FAQs - Medical Coding Specialist Certificate (Credit)
A: Medical coding is a process by which clinical documentation in health records is analyzed; from this, medical coders identify reportable diagnoses and procedures. These reportable diagnoses and procedures are assigned codes to classify complex data in a classification system. There are various uses of medical codes, to include reporting these codes to insurance companies and other payers so that healthcare organizations and providers are reimbursed for services provided to patients.
Q: What is the Medical Coding Certificate program offered in the continuing education department at JCCC? Is it different from the Medical Coding Specialist Certificate described on this website?
A: Yes, the two programs are different. The Medical Coding Certificate program offered in continuing education is a non-credit program designed for experienced physician office coders who need to prepare for the Certified Professional Coder (CPC) credentialing exam. Potential students with physician office coding experience are best suited for the Medical Coding Certificate program offered in the continuing education department.
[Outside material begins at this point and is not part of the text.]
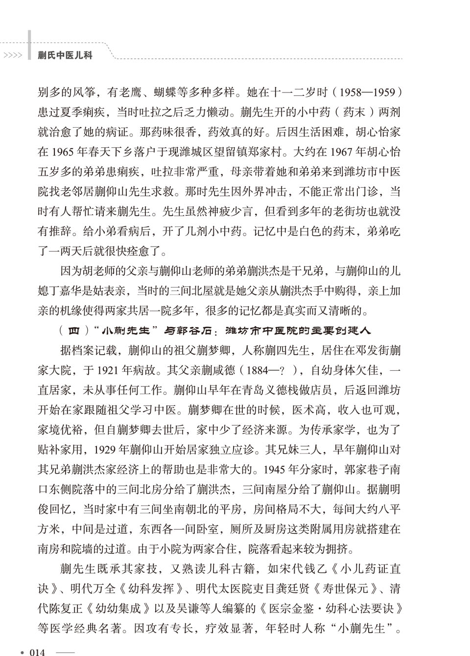 第五代传人刘南萍教授所著,编写期间走访了蒯仰山先生的后人、学生、亲朋好友、邻里街坊及诊治过的患儿和家属。其中记录的风土人情、城市变迁,亦是地方历史研究不可多得的珍贵资料。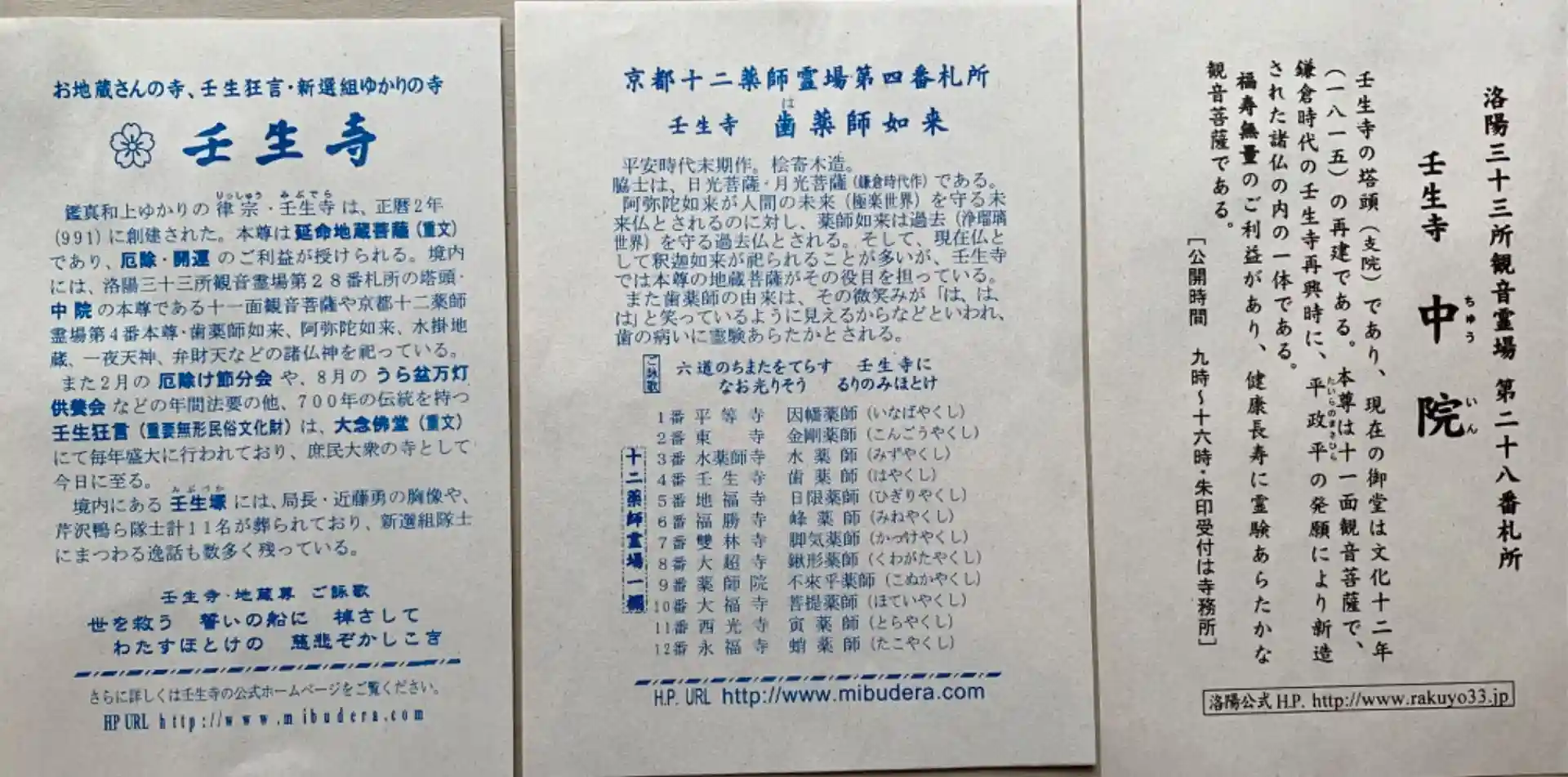 京都十二薬師霊場第四番礼所本尊「歯薬師如来」洛陽三十三所観音霊場第二十八番札所・中院本尊「十一面観音菩薩」

Q: Are there aspects of medical coding that the public generally misunderstands?
A: Yes. A common falsehood is that medical coders all work from home. This is not true. As coders advance in their careers, there are often opportunities to work from home. However, students should not enter into this profession with the assumption they will work from home as new graduates. It is a big investment for organizations to send employees home to work; in addition, medical coding is highly regulated and healthcare organizations are subject to criminal, civil, and monetary consequences as a result of fraud and abuse in the coding and/or billing process. Therefore, working from home is usually a privilege after a coder has proven their expertise.
Another falsehood is that medical coding certificate programs are easy. To prepare for a career in medical coding, students must take challenging courses in domains such as biomedical sciences, healthcare delivery systems, coding and reimbursement, information technology, and health record science.
Another misunderstood aspect is the distinction between coding and billing. People often discuss the two synonymously. In fact, coding and billing are two separate and distinct functions in healthcare. In hospitals, for example, coders code charts and a separate department manages the billing process. In physician offices, however, a coder may wear both hats – that of a coder and biller. In general, it should be understood that coding and billing are distinct functions in the reimbursement process, and students should not lump them into singular definition.
Q: What type of pay should a medical coder expect?
A: This varies based on many factors. View the most current AHIMA salary survey (PDF), which includes information on earnings in medical coding.